Last week My Tiny Sous Chef and I traveled east for a few days of QT with my parents and some long overdue family and friend visits. We arrived in the evening after a long day, just in time for dinner, and my mom put My Tiny Sous Chef right to work! We needed a salad, and since MTSC is the salad maker extraordinaire, that was her task. But there was another fun treat awaiting her tiny hands’ assistance as well. My mom’s Parmesan Bread Twists. Light and crunchy and cheesy and fancy! What 4.5YO sous chef wouldn’t be down with that?? Mine was. And you will be, too. They’re absurdly easy and delicious and impressive–triple threat, my friends. Here you go.
WHAT YOU NEED
* a sheet of puff pastry (refrigerated until 20 minutes or so before ready to prepare)
* 1 egg for egg washing
* grated Parmesan cheese
* dried rosemary (or thyme, or crushed garlic – not all three together but interchangeable)
WHAT TO DO
Preheat your oven to 400F.
When you’re ready to get to work, take your puff pastry out of the refrigerator. Spread a sheet out on a working surface. Roll it out a bit thinner than it is when you remove it from the package, and then, using a pizza cutter (or a knife), cut into strips lengthwise, about 1-1.5 inches wide.

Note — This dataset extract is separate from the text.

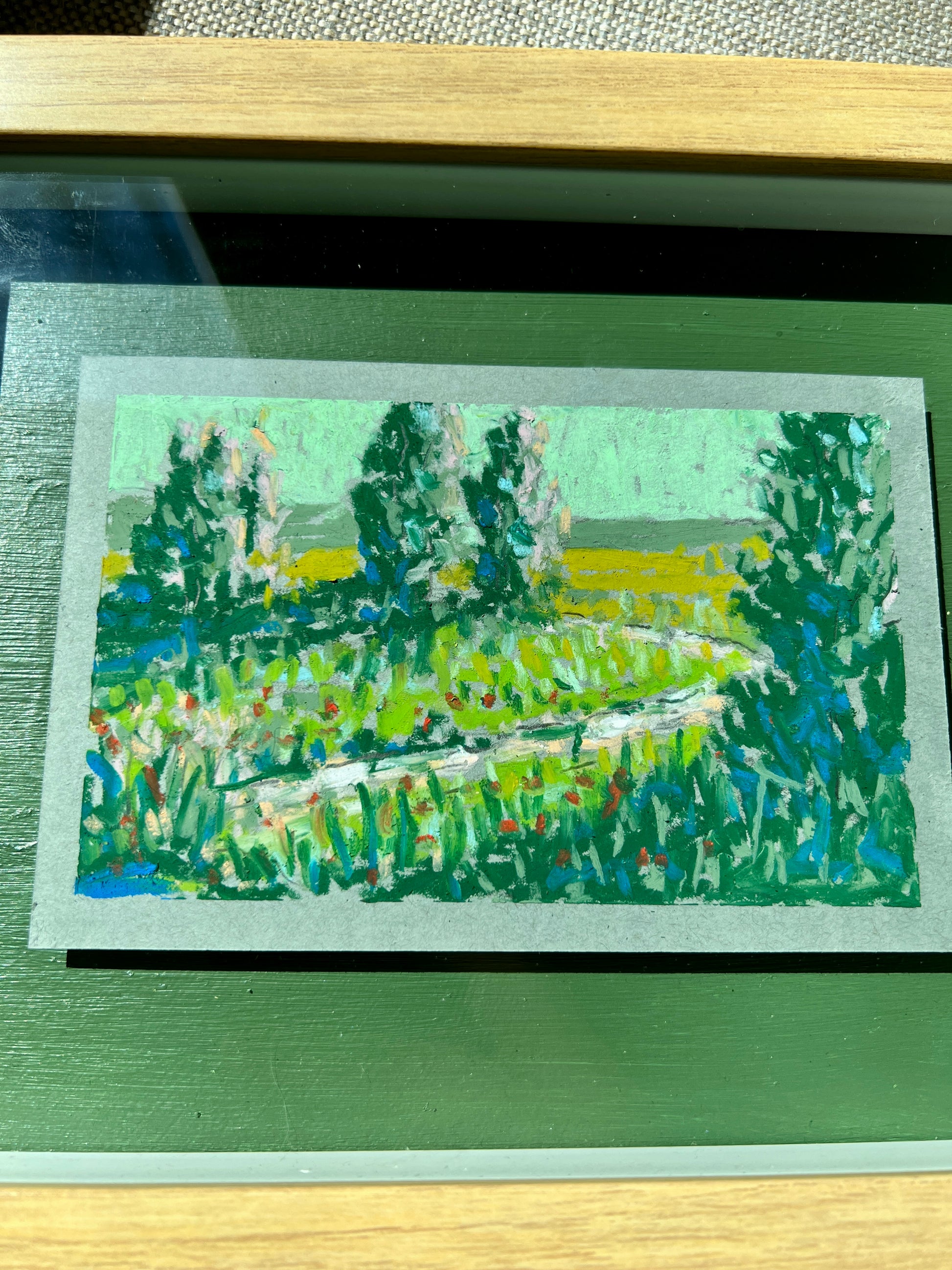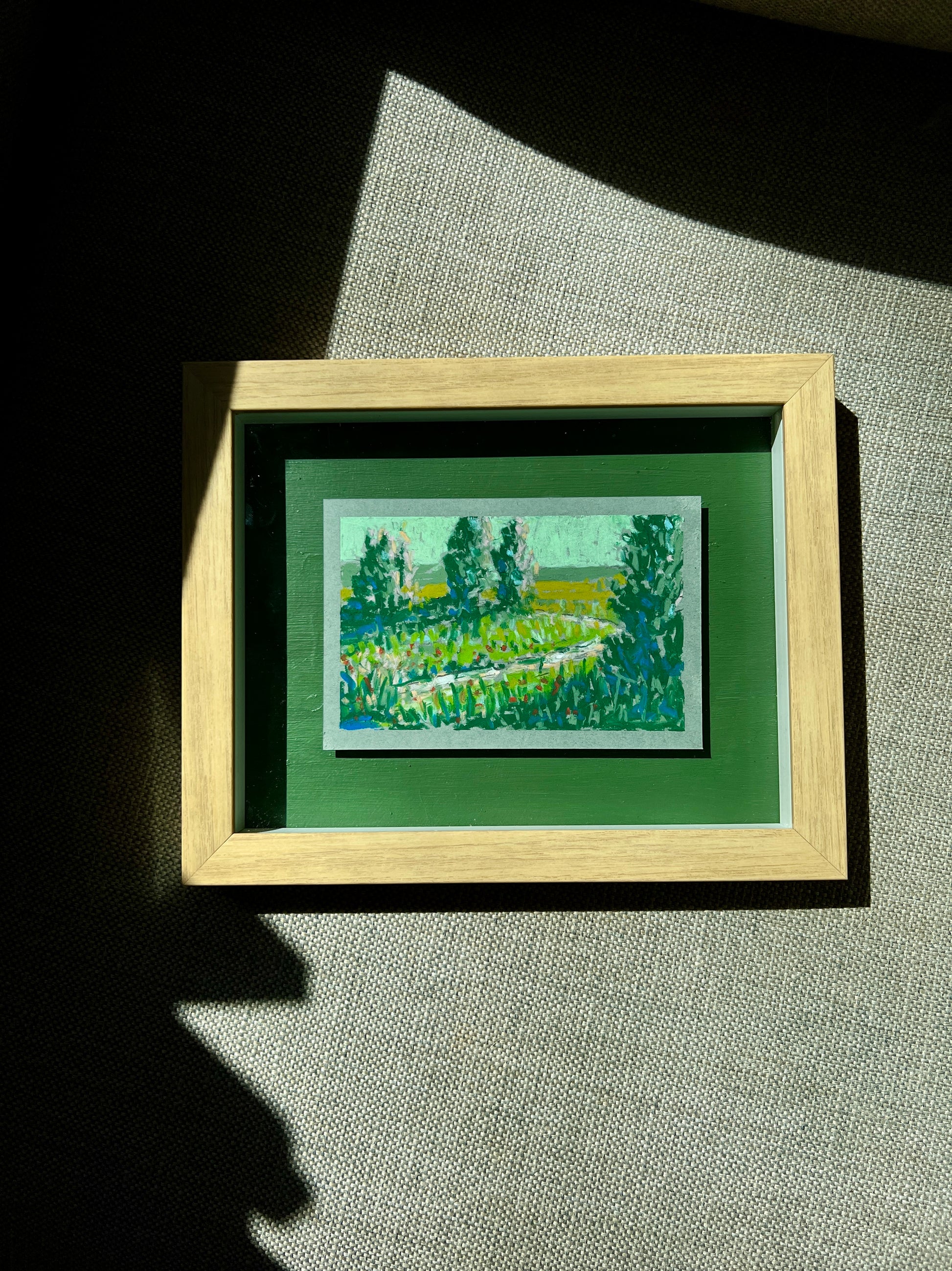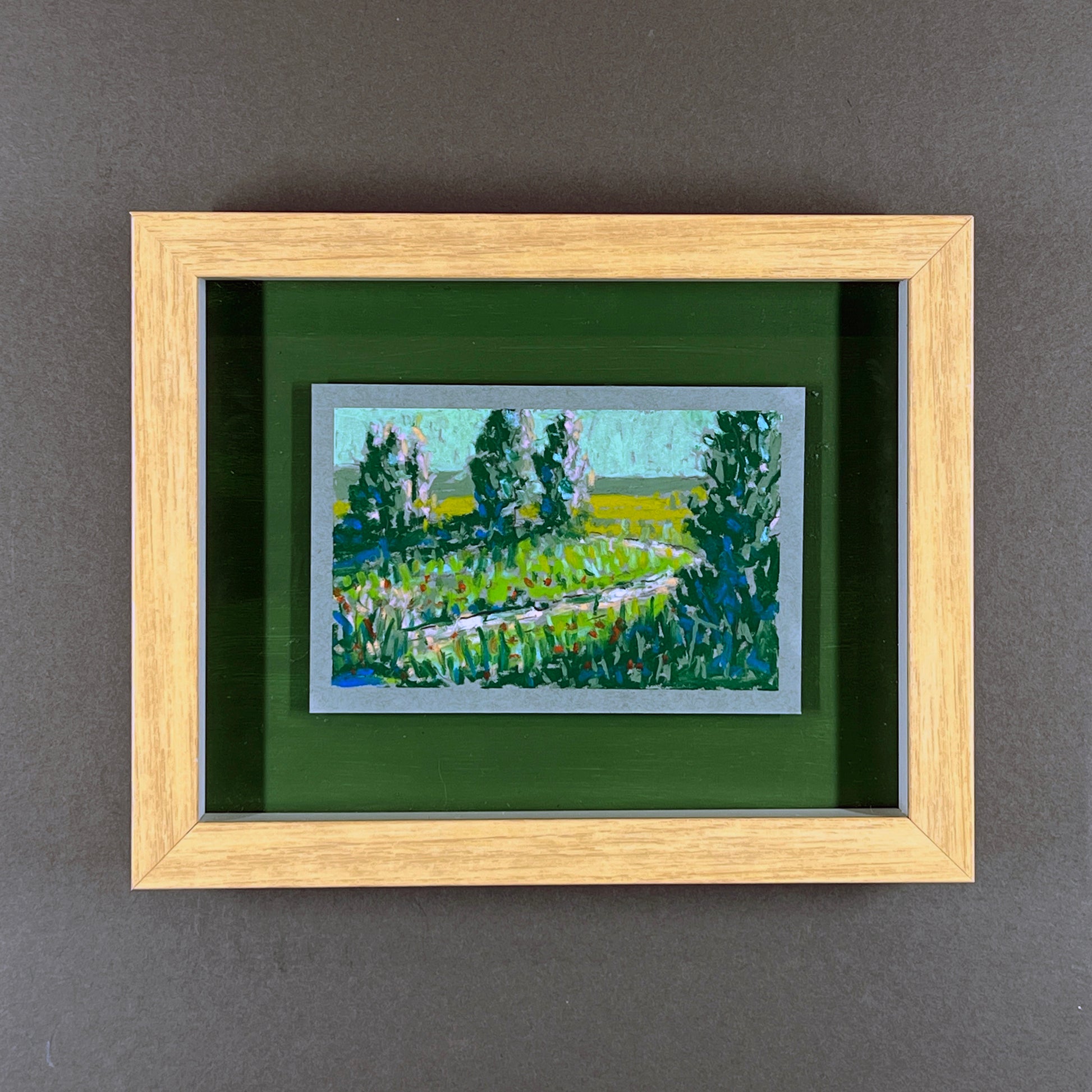 This piece was created with oil pastels on toned paper, where rich, saturated pigment meets the cool, subtle undertones of the surface. The pastels glide on smoothly, allowing for immediate, expressive color that remains vibrant and full of life. To preserve the delicate texture and depth of the work, it comes framed under glass, ready to hang and enjoy.

Gently brush each strip with the egg wash, then sprinkle evenly with Parmesan and herb/seasoning.
Carefully twist each strip over two or three times, making a long “loose” twist, and arrange the twists onto a baking sheet. Brush again, just lightly, with the egg wash on top, and add another light sprinkle of the cheese.
Bake for about 10 minutes. After 8 minutes, check the bottoms of your twists – if they’re golden brown already, go ahead and remove them from the oven. That’s the whole shebang!
Come on- how easy is that? And it’s a PERFECT kid-friendly recipe. They can do almost the whole thing beginning to end themselves with a little oversight. How fun, right?? AND, get ready to impress your guests. Bonus! Thank my mom for that one, and enjoy!